WTI ABOVE NINETY-ONE DOLLARS: WTI crude oil holds above $91 per barrel entering the June 4 New York settlement window, supported by geopolitical risk premiums and OPEC+ production restraint. Market probability: 96.6%.

80% Market Probability +29% 24h
ROLRROLR
Volume
$36.6K
$36.6K in 24h
Liquidity
$92.2K
Moderate depth
Time Left
13 hours
Resolves Jun 4
37K Vol. Jun 4, 2026

WTI crude oil’s sharp two-day surge has pushed prediction market traders to near-unanimous conviction: the benchmark contract closes above $91 per barrel on June 4. The contract carrying that threshold now prices YES at $0.97, implying a 96.6% probability that today’s settlement confirms the move. The historical base rate suggests contracts this deeply priced within hours of resolution rarely reverse without an extreme and unexpected intraday shock.

The market question asks whether WTI crude oil closes above $91 on June 4, 2026, resolving at 21:00 UTC. The YES contract trades at $0.97 and the NO contract at $0.03, against $10,340 in total volume, all of which transacted within the last 24 hours. Resolution follows the official daily settlement price for the WTI front-month futures contract.

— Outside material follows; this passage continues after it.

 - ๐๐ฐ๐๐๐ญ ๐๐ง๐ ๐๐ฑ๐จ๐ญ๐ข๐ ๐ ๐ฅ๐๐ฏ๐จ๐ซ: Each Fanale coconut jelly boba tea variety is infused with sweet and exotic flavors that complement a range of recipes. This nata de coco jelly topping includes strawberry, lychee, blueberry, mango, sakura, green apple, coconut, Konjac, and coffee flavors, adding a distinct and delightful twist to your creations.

How the WTI June Fourth Close Contract Works

This contract resolves YES if WTI crude oil’s official settlement price on June 4 exceeds $91.00 per barrel. The settlement price is derived from the CME Group’s NYMEX WTI Light Sweet Crude Oil futures, typically fixed in the final minutes of the New York trading session. A single official print determines the outcome, not intraday highs or averages.

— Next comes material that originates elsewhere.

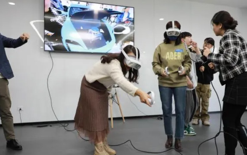 在工作人员带领下,同学们来到企业的项目展示长廊,壹刻校园品牌创始人张总亲自为大家介绍了壹刻校园的平台项目分类以及场景打造。当前壹刻校园一方面依托企业成熟项目平台,与学校、教育机构及其他高教单位建立合作关系,并为其他项目引流;另一方面聚焦了虚拟技术的教学价值挖掘,利用积累的用户数据打造前沿高教工具,为用户提供更深入的内容和体验。

  • YES ($0.97): WTI settles above $91.00 on June 4. The contract pays $1.00 per share.
  • NO ($0.03): WTI settles at or below $91.00 on June 4. The contract pays $1.00 per share.

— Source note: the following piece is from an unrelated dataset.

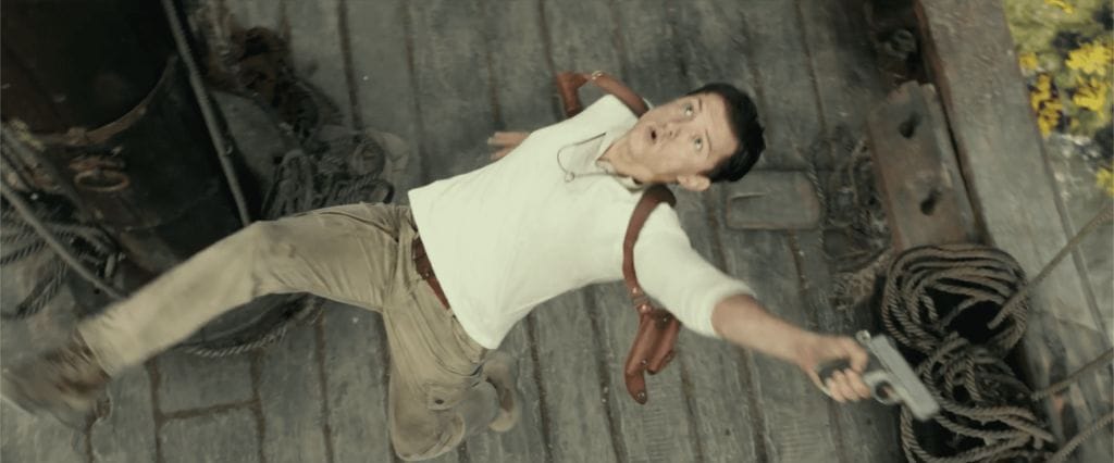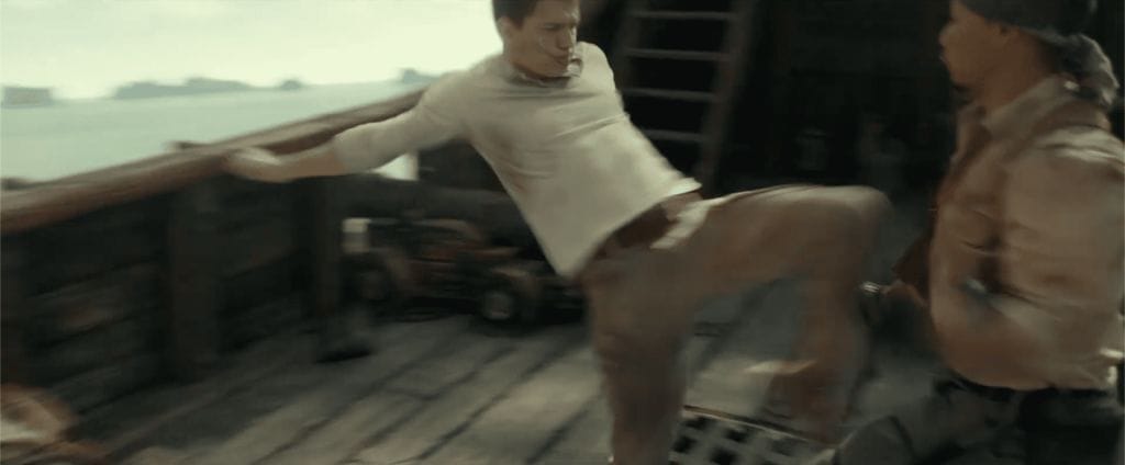This is the first glimpse we see of Nathan Drake taking out a bad guy. While he's holding a gun we don't see him fire it at a bad guy in either the teaser trailer or this one. The flying knee is a solid move and no doubt this guy is not getting back up again. But it's a bit worrisome that we haven't seen any action featuring guns, rockets, or grenades when it's such a big part of the gameplay in the Uncharted games. Does Drake kill hundreds of bad guys like in the games to gain fortune and glory or is this a PG-13 Spider-Man version of Drake that doesn't kill? Even Indiana Jones had to shoot loads of Nazi's to win the day. Let's hope this Uncharted is not too watered down.

The NO outcome requires WTI to reverse the entirety of its recent two-session surge and close at or beneath the $91.00 threshold before the New York settlement window closes. For that to happen, a sudden and severe demand shock, an emergency OPEC+ production announcement, or a major geopolitical de-escalation would need to materialize within today’s trading hours. The data tells a clear story: absent a black-swan intraday catalyst, the settlement price appears well above the contract threshold.

Market Signals and Conviction Behind the Move

The momentum composite for this contract confirms strong and sustained directional pressure. The 1-hour price change registers flat at 0.0%, the 24-hour change reflects the full surge from open, and the trend score sits at 33.36, well below the threshold associated with speculative momentum and instead reflecting a contract that has already priced to near-resolution. The two-session price movement on June 3 — two separate surges totaling roughly 48 percentage points of implied probability — aligns with WTI’s move above the $91 threshold, which originated from supply-side catalysts including fresh geopolitical risk premiums in the Middle East and commentary from OPEC+ member states signaling restraint on previously announced production increases.

Total volume stands at $10,340, with the entire amount transacted in the last 24 hours. Liquidity depth in the order book reaches $59,409, which is substantial relative to total volume and indicates serious capital backing the current price. Within the confidence interval implied by this liquidity-to-volume ratio, the pricing reflects genuine market consensus rather than thin-book manipulation. For a same-day resolution contract, this volume level is consistent with a market that has found its equilibrium.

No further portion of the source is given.